Окончательная судьба плана лесонасаждений была прояснена в статье, которая появилась в 1955 г. в одном из советских биологических журналов: «Т.Д. Лысенко, утверждающий отсутствие в органической природе внутривидового соревнования, предложил гнездовой метод посадки деревьев. В.Я. Колданов обобщил результаты пятилетнего использования этого метода и показал, что он являлся ошибочным. Этот метод принес огромные потери государству и поставил под сомнение саму идею об использовании лесопосадок в целях борьбы с эрозией почв. В ходе Всесоюзной конференции, состоявшейся в Москве в ноябре 1954 г., метод Т.Д. Лысенко был полностью опровергнут» [328] .
328
Ботанический журнал. 1955. № 2. С. 213. См. также: Колданов В.Я.Некоторые итоги и выводы по полезащитному, лесоразведению за истекшие пять лет // Лесное хозяйство. 1954. № 3. С. 10–18.

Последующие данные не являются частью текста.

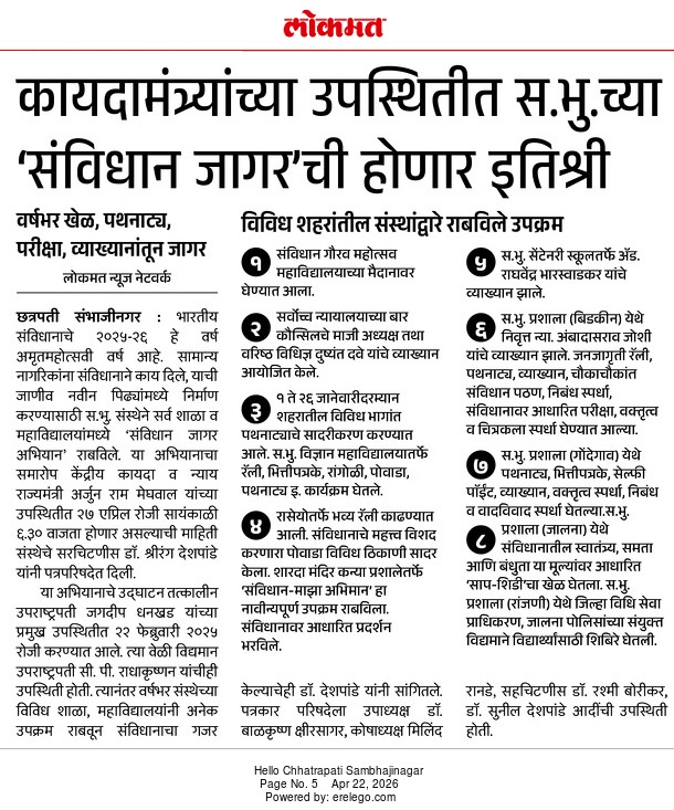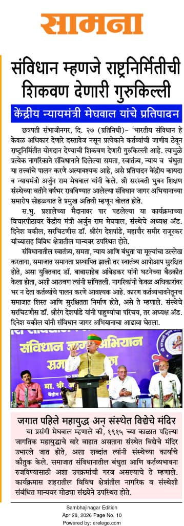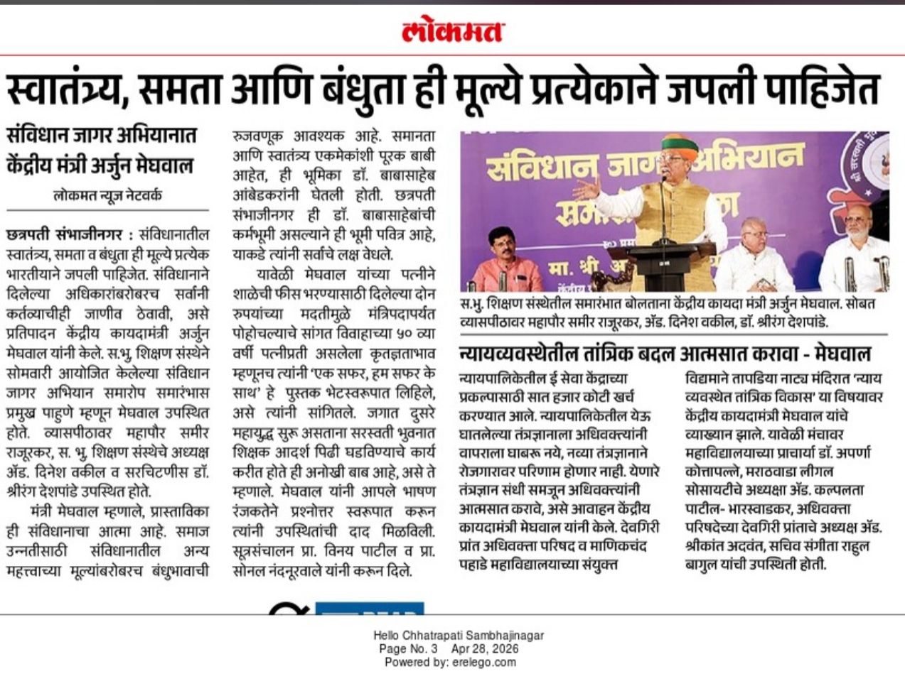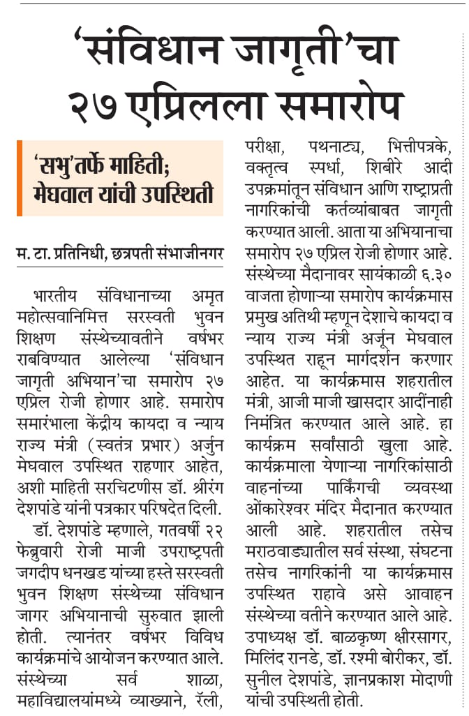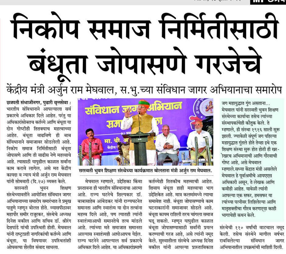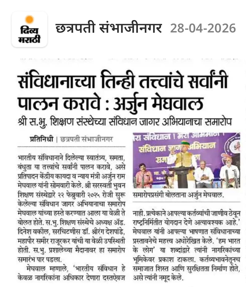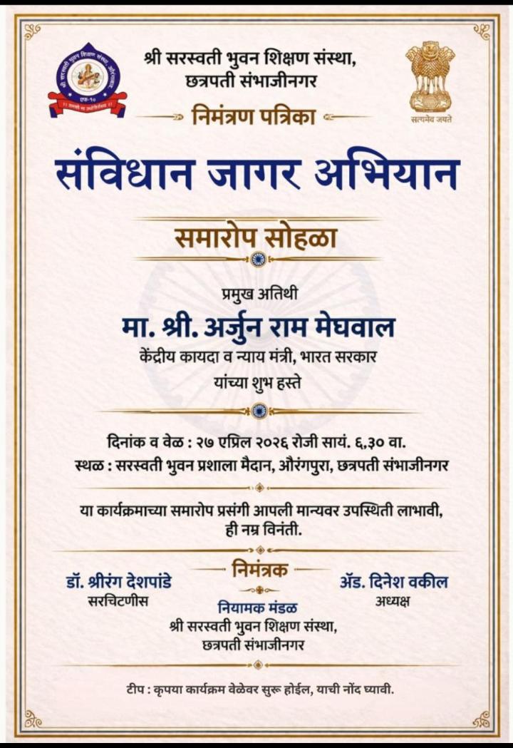 स. भू. शिक्षण संस्था, छत्रपती संभाजीनगर येथे “संविधान जागर अभियान” समारोप सोहळा मा. केंद्रीय कायदा व न्याय मंत्री श्री. अर्जुन राम मेघवाल यांच्या प्रमुख उपस्थितीत संपन्न होणार.
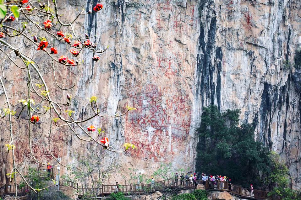2016年7月15日,在第40届世界遗产大会上,广西左江花山岩画文化景观成功列入世界文化遗产名录,填补了中国岩画类世遗项目的空白,实现了广西世界文化遗产零突破。近年来,宁明县打响花山岩画靓丽名片,使这一文化瑰宝在保护传承中焕活新生,为当地乡村振兴注入新动力。

Хотя часто можно услышать о том, что после 1948 г. серьезная критика Лысенко стала возможной только после смерти Сталина, последовавшей 5 марта 1953 г., необходимо все же отметить, что незадолго до смерти советского лидера такая критика появилась на страницах советских изданий. Начиная с конца 1952 г. на страницах «Ботанического журнала» и «Бюллетеня московского общества испытателей природы» (оба издания выходили в то время под редакцией В.Н. Сукачева) публикуются материалы дискуссии о взглядах Лысенко, в которых можно было столкнуться как с поддержкой Лысенко, так и с его критикой [329] . В конце концов дискуссия выплеснулась на страницы других журналов и даже газет. Думается, что то обстоятельство, что оба упомянутых издания (явившихся инициаторами дискуссии и критики) представляли собой печатные органы соответствующих научных обществ, было не просто случайным совпадением, поскольку именно этим и подобным им научным обществам, формируемым из частных лиц на основе принципа добровольности, еще удавалось, в отличие от официальных советских научных организаций и учреждений, сохранять хотя бы чувство независимости [330] .
329
В статье «О внутривидовых и межвидовых взаимоотношениях среди растений» (Ботанический журнал. 1953. Т. 38. № 1. С. 57–96) Сукачев утверждал, что Дарвин (в отличие от Лысенко) был прав, когда говорил о существовании внутривидового соревнования, а также настаивал на существовании общего правила, согласно |которому, чем более замкнутой является система организмов, тем более интенсивно идет между ними соревнование. Это явление имело важное значение для объяснения процесса прогрессирующего расхождения признаков в ходе эволюции. При этом Сукачев обращал внимание на необходимость осторожного использования термина «соревнование», когда речь идет о мире растений, поскольку ему легко может быть дано антропоморфное значение; далее Сукачев отмечает, что наличие «соревнования» вовсе не исключает одновременного существования «сотрудничества» в природе. За неимением лучшего термина Сукачев высказывается в пользу термина «соревнование». Другие участники дискуссии занимали менее критическую по отношению к Лысенко позицию; в дискуссии принял участие и сам Лысенко, опубликовавший перепечатку своей статьи о «биологическом виде», предназначенной для Второго издания Большой Советской Энциклопедии (см.: Лысенко Т.Д.Новое в науке о биологическом виде, а также ч. 11 из его работы «филогенез покрытосеменных с позиции мичуринской биологии»).
330
См.: Swanson J.M.The Bolshevization of Scientific Societies in the Soviet Union // An Historical Analysis of the Character, Function and Legal Position of Scientific and Scientific-Technical Societies in the USSR 1929–1936. Dissertation, Indiana Univ., 1967.